1994 Southeastern Conference baseball tournament
- Teams: 6
- Format: Six-team double elimination tournament
- Finals site: Cliff Hagan Stadium; Lexington, Kentucky;
- Champions: Tennessee (2nd title)
- Winning coach: Rod Delmonico (2nd title)
- MVP: Todd Helton, Steve Soper (Tennessee)
- Attendance: 6,850

= 1994 Southeastern Conference baseball tournament =

The 1994 Southeastern Conference baseball tournament was again held as separate tournaments for the Eastern Division and the Western Division.
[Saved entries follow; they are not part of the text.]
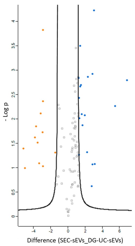 Volcano plot showing significantly differentially expressed proteins in SEC-sEVs (blue dots) and DG-UC-sEVs (orange dots). Grey dots are proteins that were not significantly differentially expressed. Samples were run duplicate.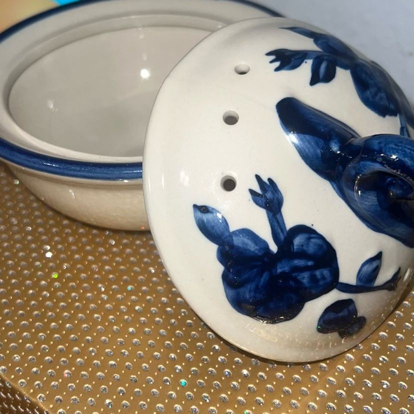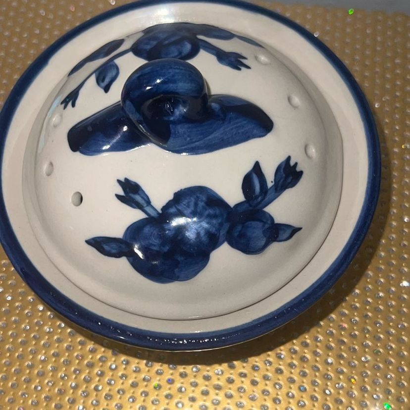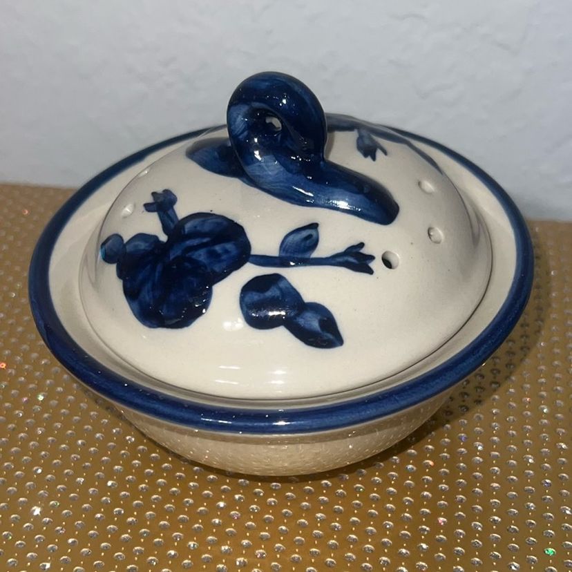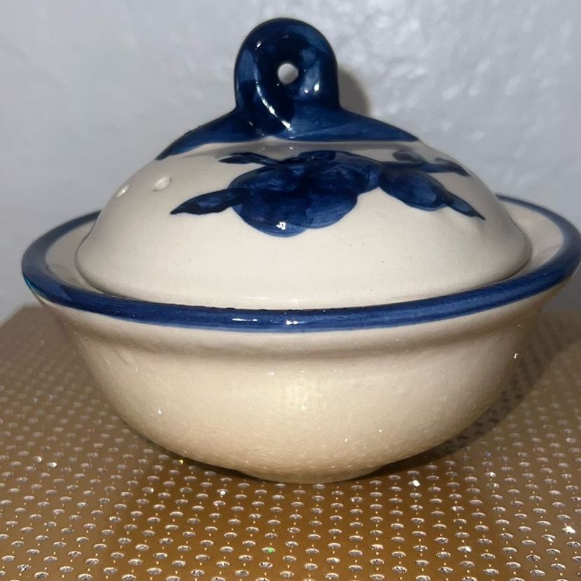 Small vented ceramic garlic keeper with lid. Perfect condition.
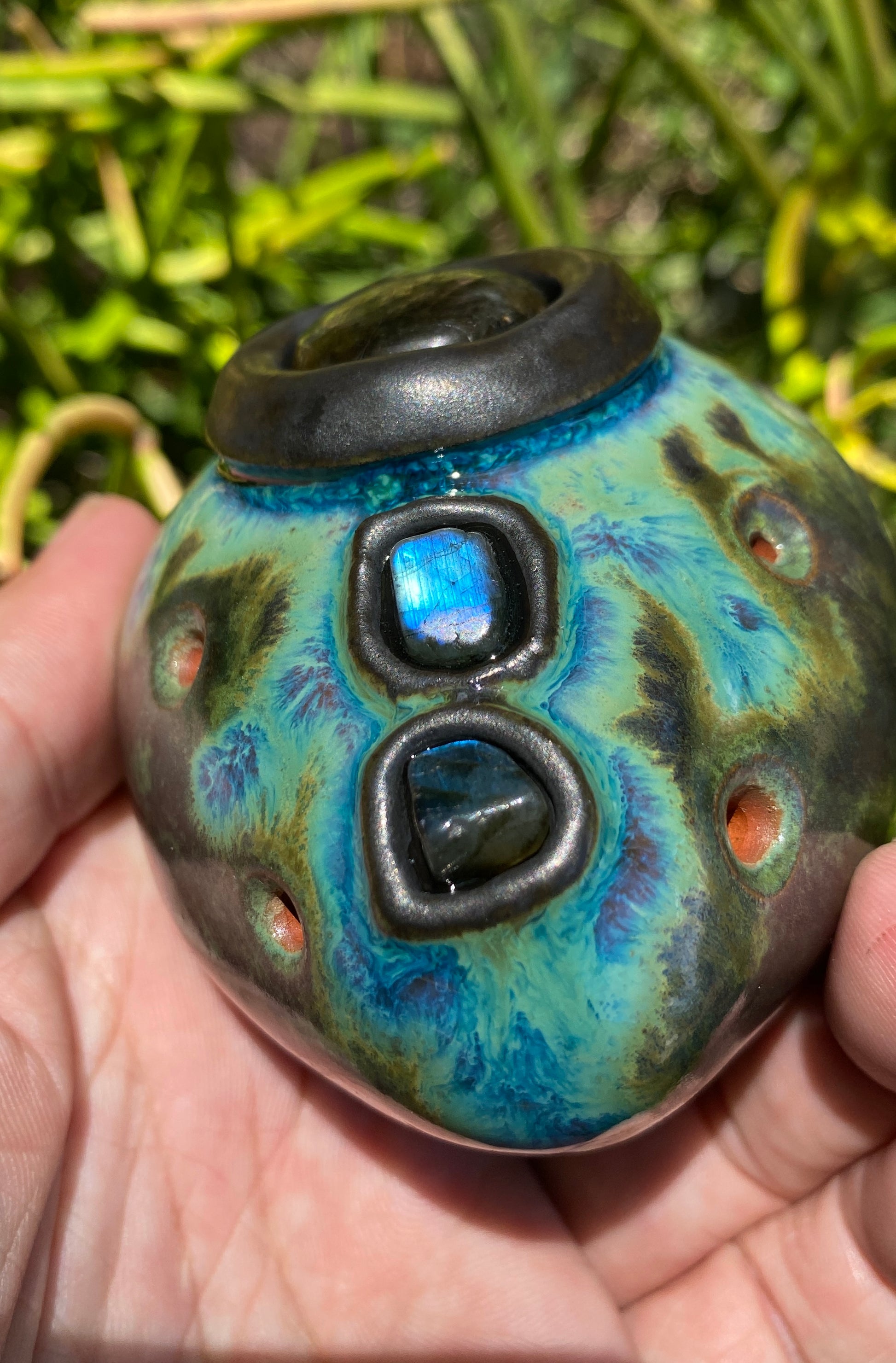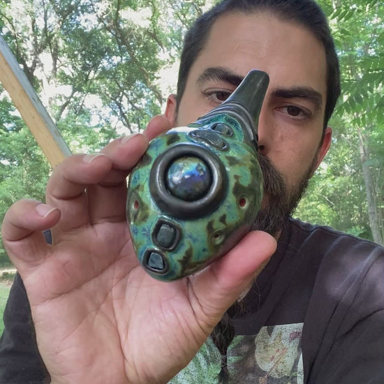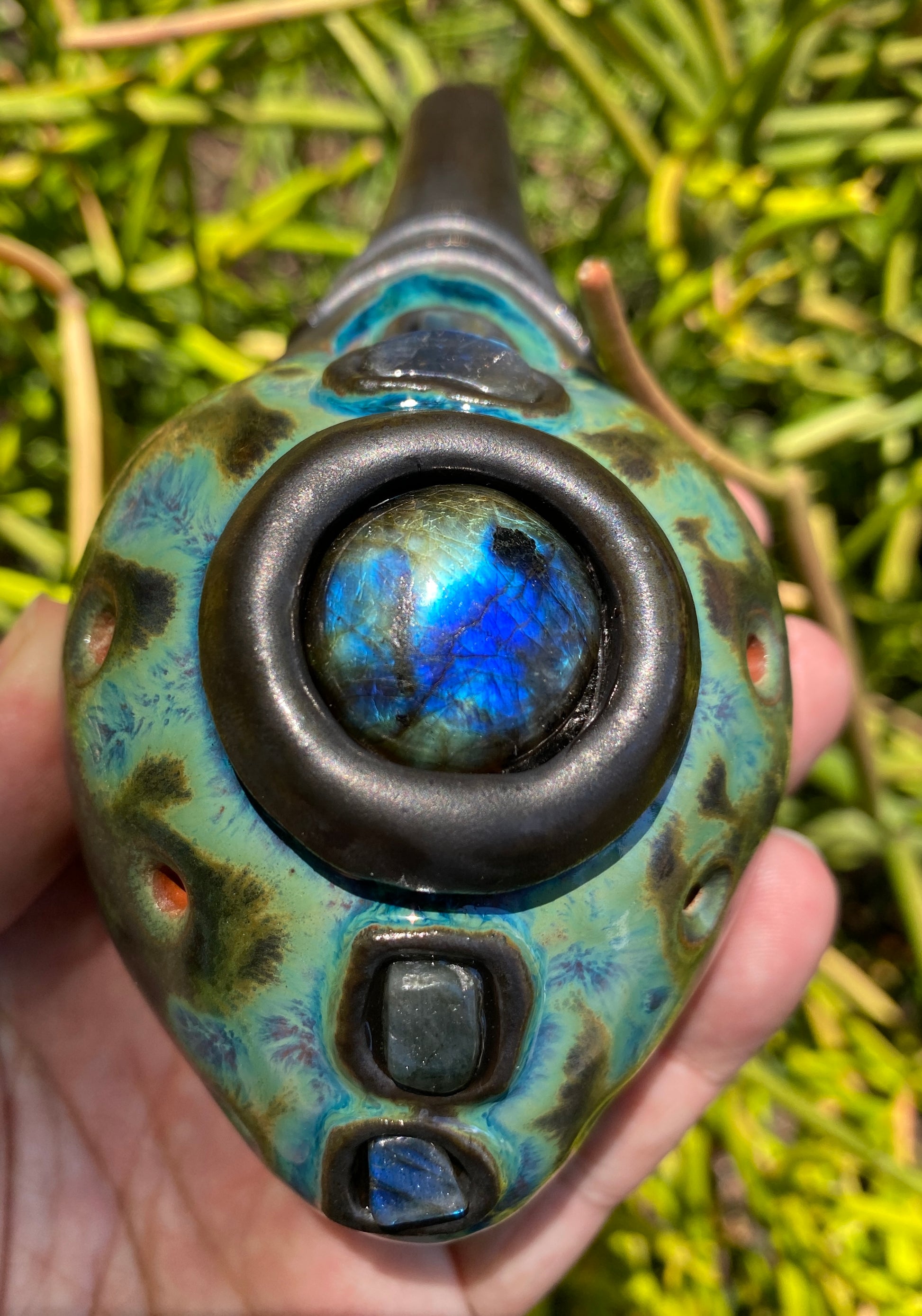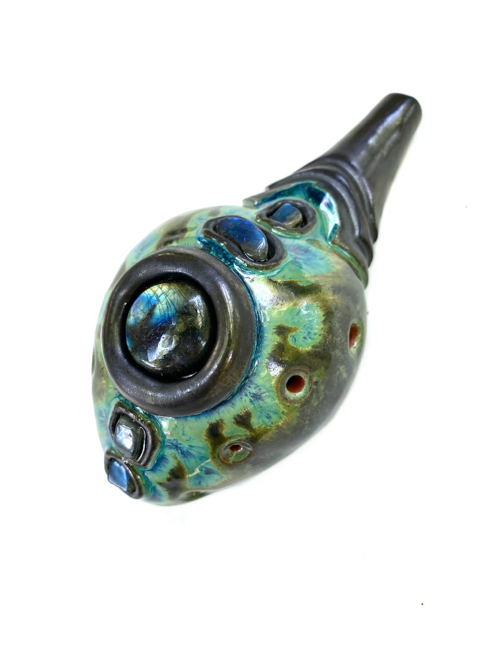 This handmade clay double flute is tuned to pentatonic minor in the key of Db (432Hz) and features five beautiful labradorite inlays. Expertly crafted and uniquely designed, this two-sided drone vessel offers a harmonious and resonant sound, perfect for musicians and flute enthusiasts alike.
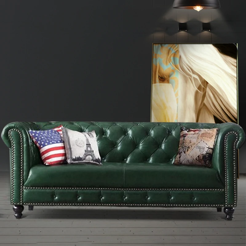 American Light Luxury Oil Wax Leather Sofa with Rivets - Vintage Green Genuine Leather for Living Room and Hotel Lobby Furniture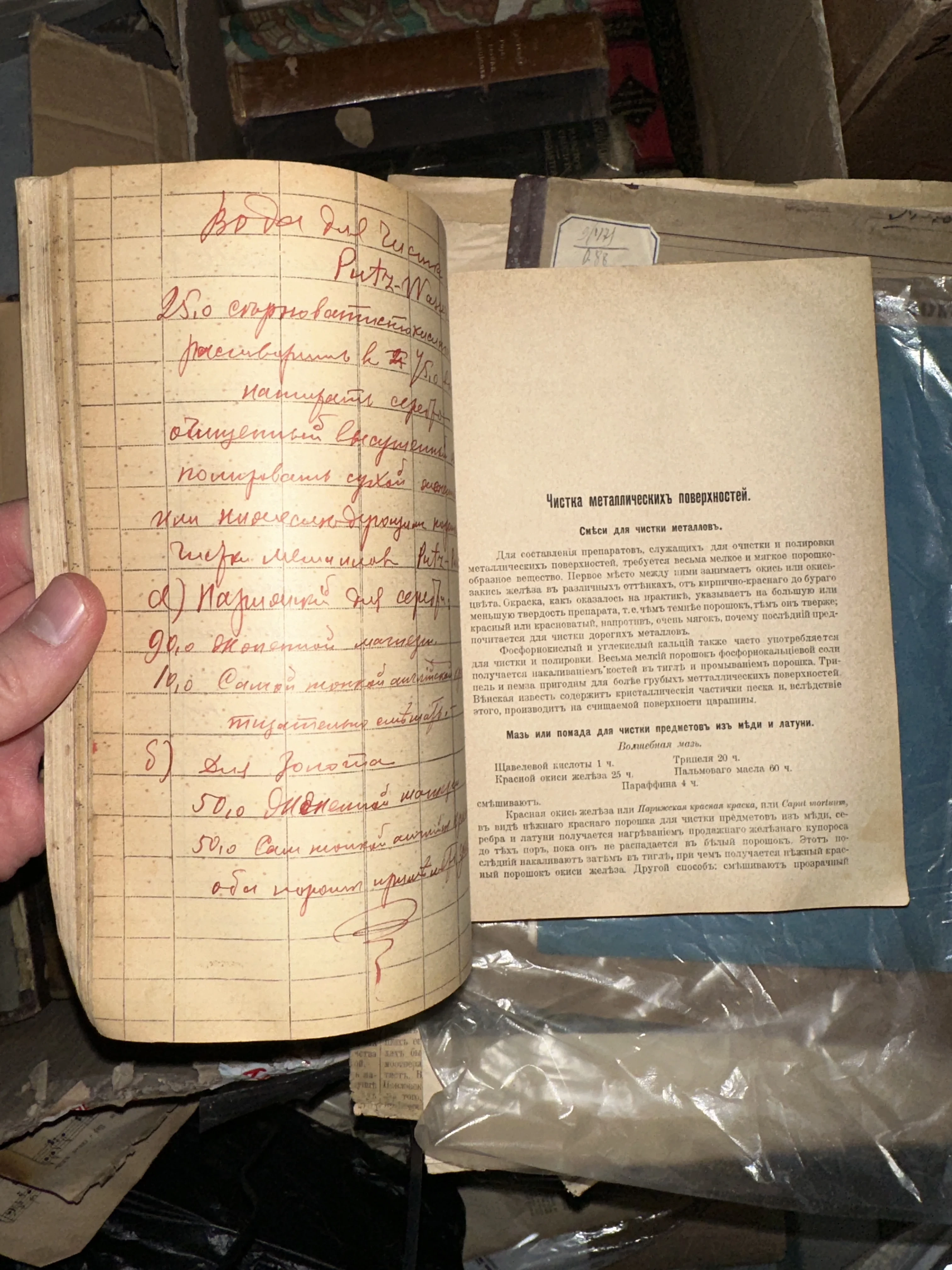 Раскрытая дореволюционная книга с рукописными рецептами для чистки серебра и печатным текстом о чистке металлических поверхностей.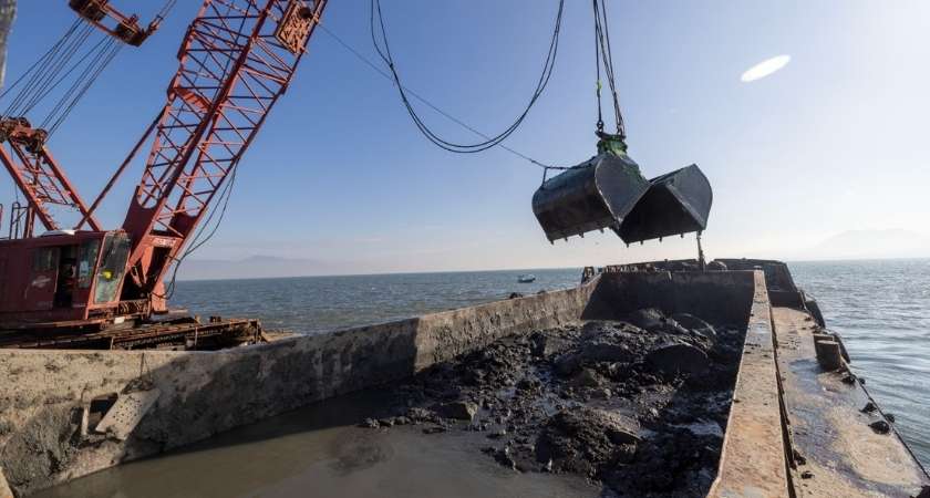 İzmir Körfezi’ndeki tarama ve temizlik faaliyetleri hakkında bilgi veren yüklenici firma DGN Denizcilik’te görevli inşaat mühendisi Kadir Arali, “Yaklaşık bir aydır Körfez’in kuzey aksında dip tarama çalışmalarına devam ediyoruz. Buraya geldiğimizde suyun derinliği 0 metreden yaklaşık 3.5 metreye kadar gidiyordu. Karaya doğru ilerleyerek hedefimiz dibi 200 metre genişlik 4-4 buçuk metre derinliğe çıkarmak. Karaya doğru gittikçe artık su derinliği yok oluyor. Flamingoların olduğu noktada kuşlar yuva yapabilecek konumda.  Şu ana kadar yaptığımız çalışmalarda 60 bin ton malzeme çıkardık. Bu da 55 gemiye tekabül ediyor. Şu an karaya uzak olduğumuz için sadece dipte çamur görüyoruz. Karaya yaklaştıkça çeşitli evsel atık malzemelerini de görüp temizleyeceğiz” dedi.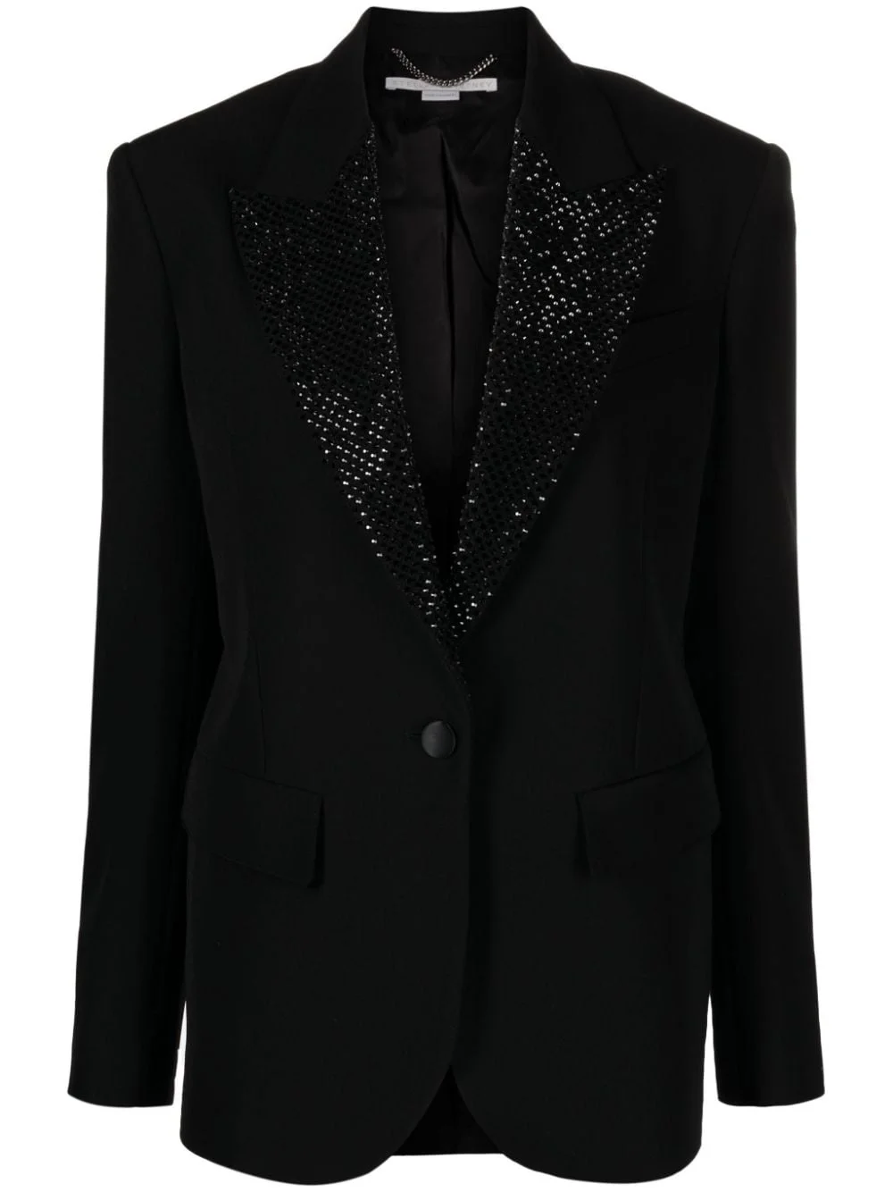 Hotfix crystal-embellished blazer Highlights - Black - Wool - Textured finish - Crystal embellishment - Peak lapels - Front button fastening - Shoulder pads - Long sleeves - Buttoned cuffs - Chest welt faux-pocket - Two front flap faux-pockets - American rear vent - Straight hem - Logo-jacquard lining Imported Composition Outer: Wool 100%, glass 100%, Polyester 93%, Spandex/Elastane 7% Lining: Viscose 60%, Cupro 40% SIZE & FIT Model measurements Height 5 ft 10 in(1.78 m) Bust/Chest 31.49 in(80 cm) Hips 35.03 in(89 cm) Waist 23.62 in(60 cm) FittingInformation Designed for a slim fit that sits just away from the body offering a close yet comfortable fit The internal shoulder pads offer a structured shape Made from a midweight fabric This piece fits true to size – take your usual size Washing instructions Dry Clean Only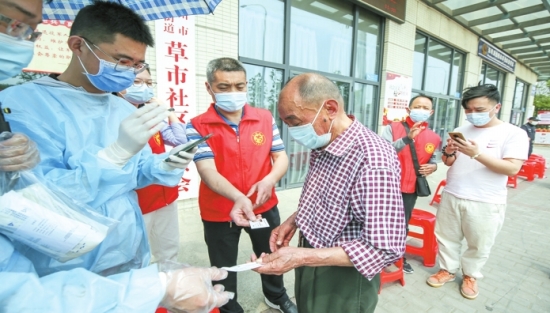 4月12日,在荊州區(qū)東城街道草市社區(qū)核酸檢測點,下沉黨員協(xié)助社區(qū)開展現(xiàn)場引導(dǎo)、信息登記、物資保障等工作。(潘路攝)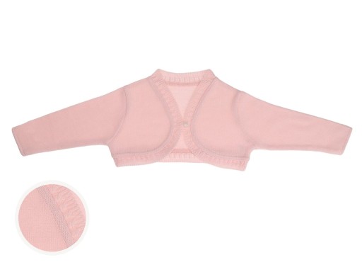 Красивий, елегантний светр-болеро з оборкою, що застібається на гудзик - перлина, виготовлений з трикотажу, ідеальний для Хрещення та інших свят.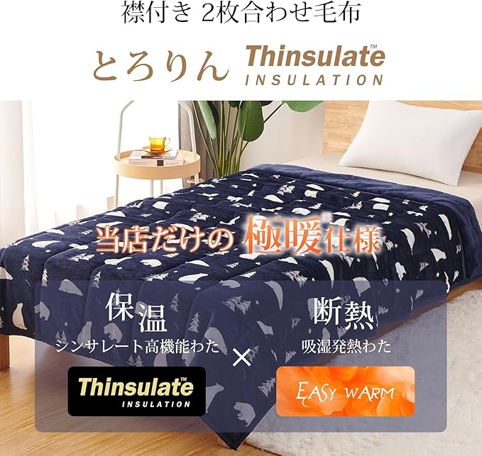 【4層構造で保温力倍増!】上層と下層はなめらかな肌触りのフランネル毛布で、その間にシンサレート綿と吸湿発熱中綿を挟んでいる。2枚合わせのサンドイッチ構造だから優れた断熱効果があり、保温性もより良い。保温力たっぷりの冬用毛布!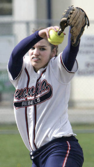 Juanita’s Kylie Sparks (No. 1) winds up a pitch during the first inning of the game against Redmond at Juanita. The Rebels (third in KingCo 4A at 11-4) won the game 1-0.

The Eastern Division tournament was held at Cliff Hagan Stadium in Lexington, Kentucky. The Western Division tournament was held at Swayze Field in Oxford, MS. Both tournaments were held from May 18 through 21. won the Eastern Division tournament and LSU won the Western Division tournament.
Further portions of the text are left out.